One thing really irks me about this whole debate of McDonalds/fast foods vs healthy foods for poor people:
You can't go to a resteraunt and use an EBT card to pay. If cash is short then fast food places actually are not a preferred means of getting food. 
I suppose if you were working poor with no EBT you might go out to eat more. 
Re: Farmer's Markets: in my town supposedly they take EBT, not true actually. They always seem to have 'forgotten' the card processing machine. I can tell you from bitter experience that cheap bags of peppers can go bad FAST! Better make that ajvar right now!
I think I'll stick to Safeway and Fred Meyer's and the local fish deli, at least I know they'll take EBT and not look at me like I am scum.
Both my kids are good cooks. 
Re: Second hand fat, if you cook a fast food place, even if you eat NOTHING at work, and follow a low fat diet ay home, the fat in the air can still raise your cholesterol. You breathe it in. 
Re: Europe, I lived in Sarajevo a year, you could get a lot of really greasy food there, and sweets, or you could buy exactly how much you needed and pay less, or even go out for soup, and have that be cheaper than eating at home as well as being pretty healthy.
I saw damn few fat people there.
posted by Katjusa Roquette at 6:39 AM on January 11, 2012 [1 favorite]


There's this pervasive culture in the United States of bigger, saltier, fatter equals better.
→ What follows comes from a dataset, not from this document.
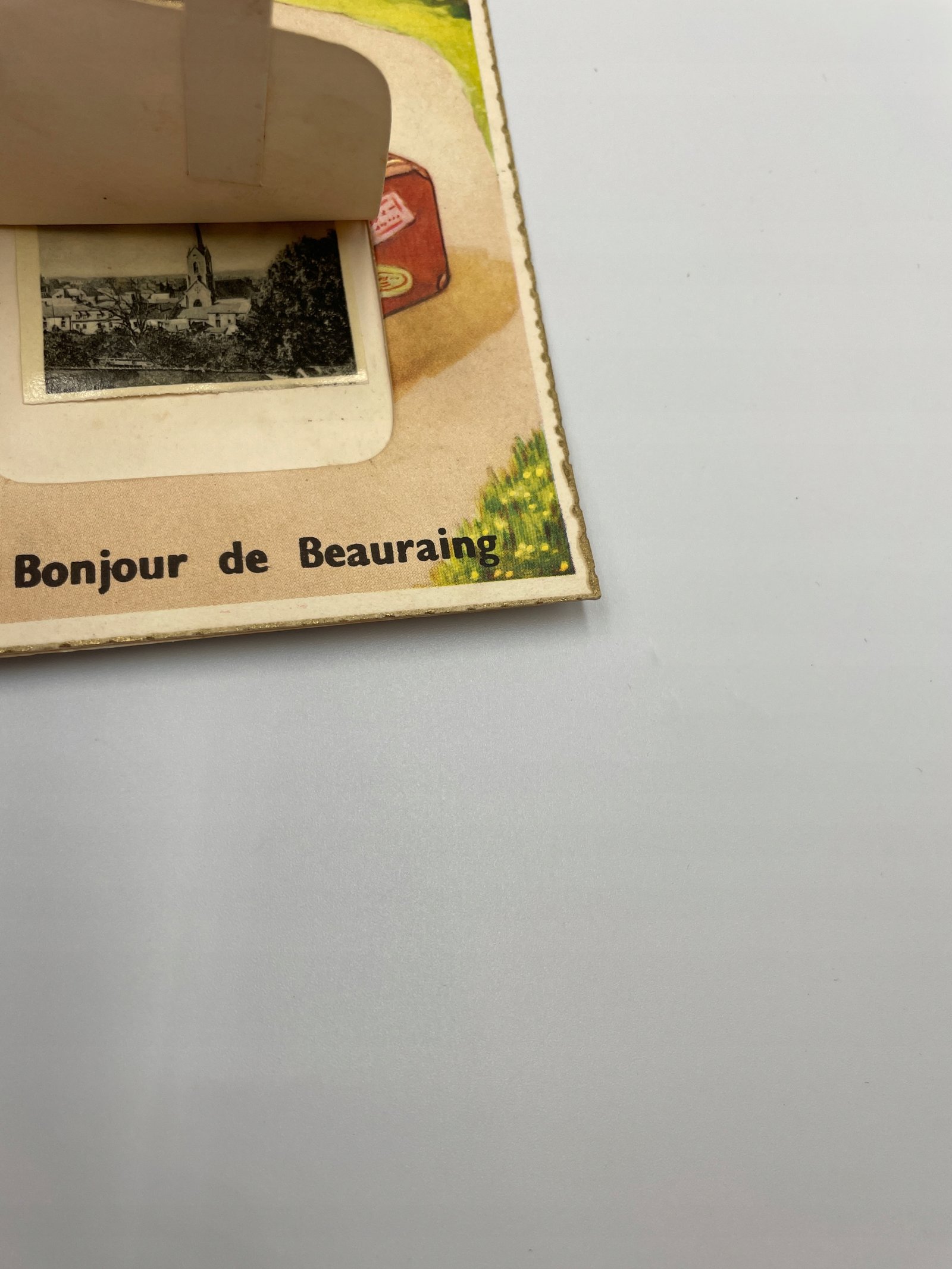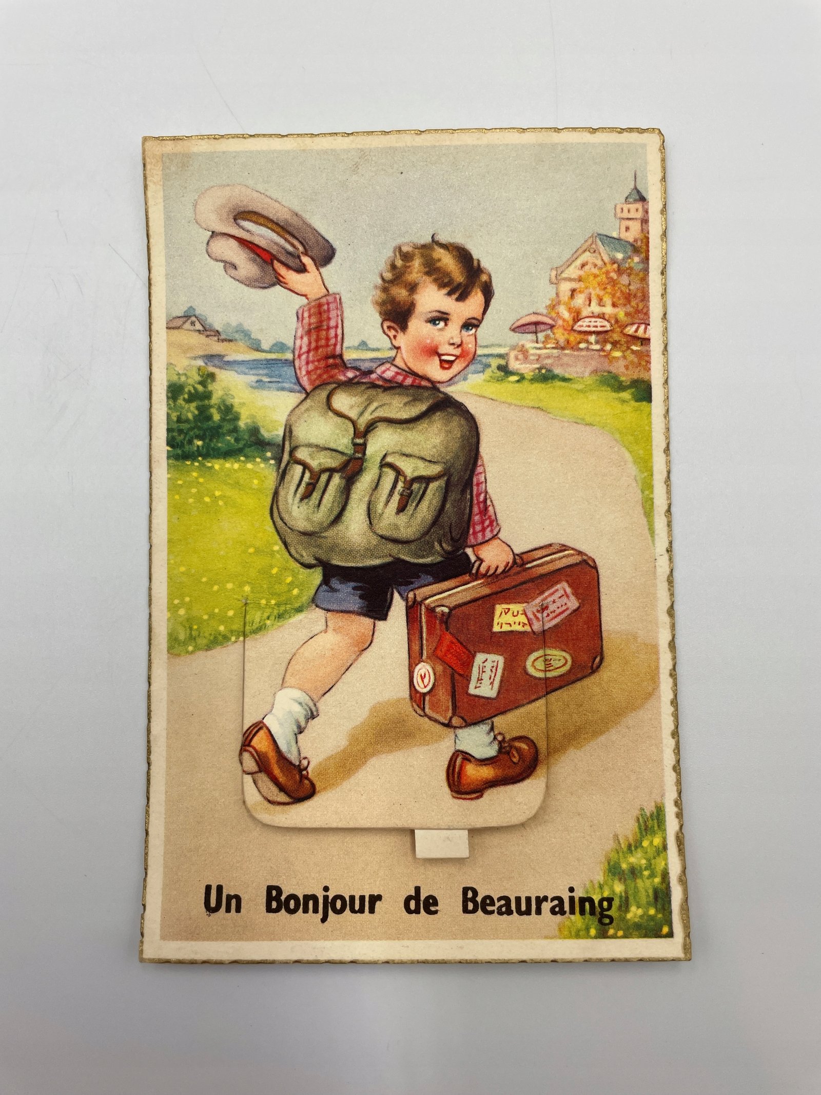 Kartka Belgia 1930 chłopiec z walizką Beaurain z ruchomym elementem

You see it in every metafilter thread where someone posts about how someone has cooked some monstrosity like a pure bacon fat burger with extra bacon. You open up the thread and there's the usual "I want this now!" type comments. I know most people are joking but there's some truth underneath that humor.

The reason we have a culture of bigger, saltier, fatter equals better is because many people (probably most) actually do prefer those things. There are good reasons for it, too, in a time when food was less plentiful. It's good that there are people who think that junk food tastes gross, but most people don't, so convincing people that junk food is gross is not really a winning strategy.

I dunno. I eat fairly cheap, but I eat very tasty. Dinner was beef in an oniony sauce, with rice and steamed frozen vegies on the side. Not deprivation food at all, and definitely not expensive or difficult to make.

That meal sounds good, but as an overweight person, I cannot eat that and lose weight. The rules are different for people that already overweight, and all the lifelong thin people in the world coming in to brag about their delicious meals won't change that.
posted by Bulgaroktonos at 6:55 AM on January 11, 2012 [7 favorites]


It's good that there are people who think that junk food tastes gross, but most people don't, so convincing people that junk food is gross is not really a winning strategy.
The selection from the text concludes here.